Adoor Gopalakrishnan: FIFF Is a Big Celebration of World Cinema

Adoor Gopalakrishnan: FIFF Is a Big Celebration of World Cinema

Adoor Gopalakrishnan is one of the directors of the New Indian Cinema. He has written and directed twelve feature films and participated in major film festivals around the world. International Film Critics’ Prize has gone to him six times successively. National award for best director five times. He also garnered the BFI award for the Most Original and Imaginative film of 1982 for Elippathayam (Rat-trap).

In an exclusive interview with the Press Office of Fajr, the Cinema Salvation – International Competition jury member talked about cinema and co-productions:

This year in festival, Iranian film maker Majid Majidi has a film made by Indian cast. We also saw another Indian coproduction staring an Iranian actor. What’s your take on such co-productions?

Iranian films are very popular in India and a lot of film makers are making excellent films. Iranian cinema has been in foreground for at least a quarter of century. We have also major productions in India. We welcome any cooperation and Iranian film makers can come and make movies and have collaboration in India. That would be very honoring and interesting thing to do. It’s possible.

Everywhere around the world, people just know the Indian cinema by Bollywood. Why is your independent cinema sidelined?

Because there is a big publicity about Bollywood. Bollywood films are easily sellable. People think it’s the Indian version of Hollywood. Good films are made in Hindi language even in Mumbai but they are known just in festival circles.

Is there any interest in independent movies among the younger generation of film makers?

They like to make different films. India is like Europe. In Europe, there are several countries and languages. Same way in India. Films are being made in 20 languages. It’s one country but it has several small cultures, several small cinemas. India has several kinds of cinema as well. You can see commercial cinema is everywhere. It’s kind of minority cinema, it doesn’t go mainstream but they are made.

How does this diversity affect your cinema?

There are several Indian cinemas, unlike Iran which has just one.

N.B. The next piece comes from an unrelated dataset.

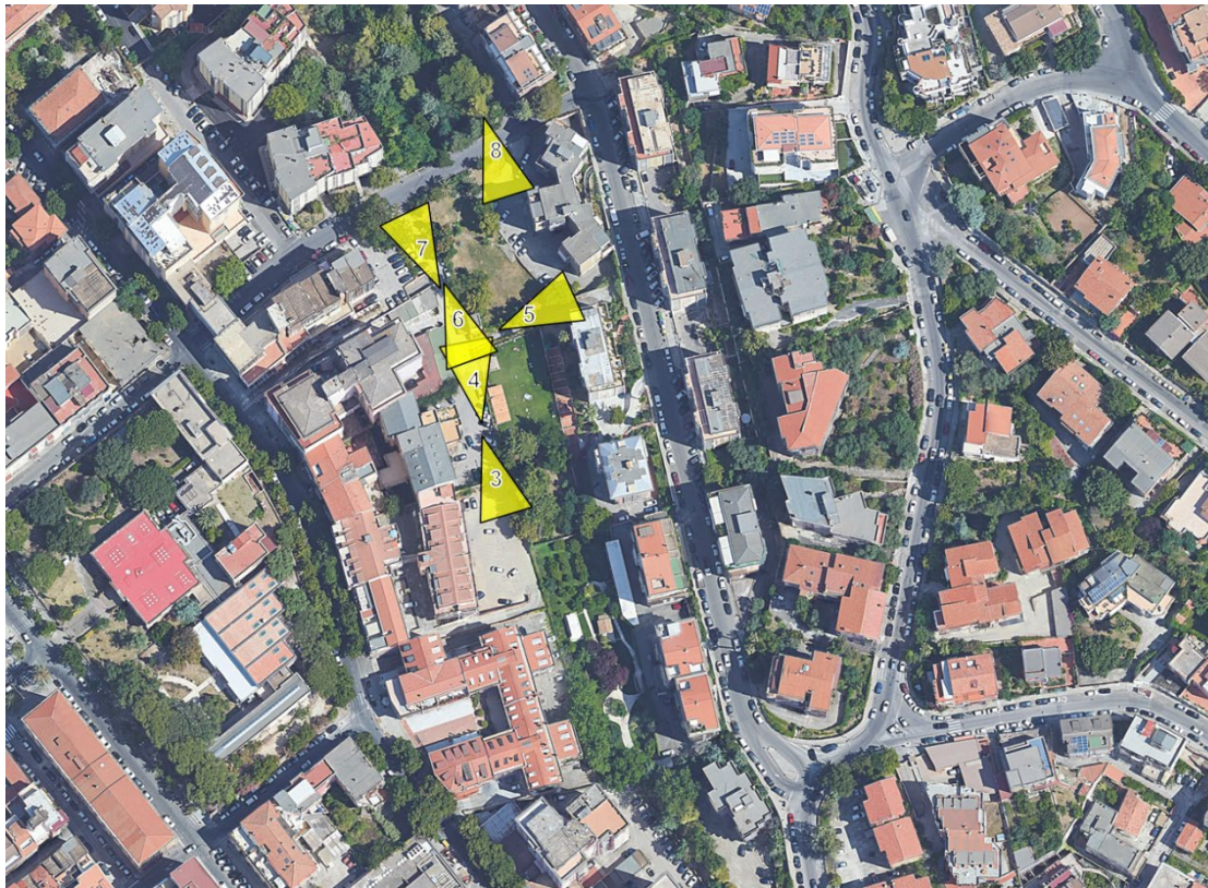
Figura B - Individuazione dei punti di scatto su ortofoto

In India, There are different cultures, different ways of life. Everything changes from region to the region. And this affects the literature and art.

Do you see any improvements at Fajr?

I was here in 1996. They were showing two of my films that year. I can see that things have changed a lot. There was a small building in which they had the cinema center. But Charsou Cineplex is modern and good. It’s the way it should be – a center for culture. It’s very remarkable that you have centers like this where you can spend the whole day, eat and watch movies. It’s a big celebration of cinema from all over the world. It also puts an emphasis on Iranian cinema. I can see that there is a market here. That’s the way it should be.

Presided over by writer-director Reza Mirkarimi, the 36th edition of Fajr International Film Festival runs in Charsou Cineplex and other venues in Tehran until April 27.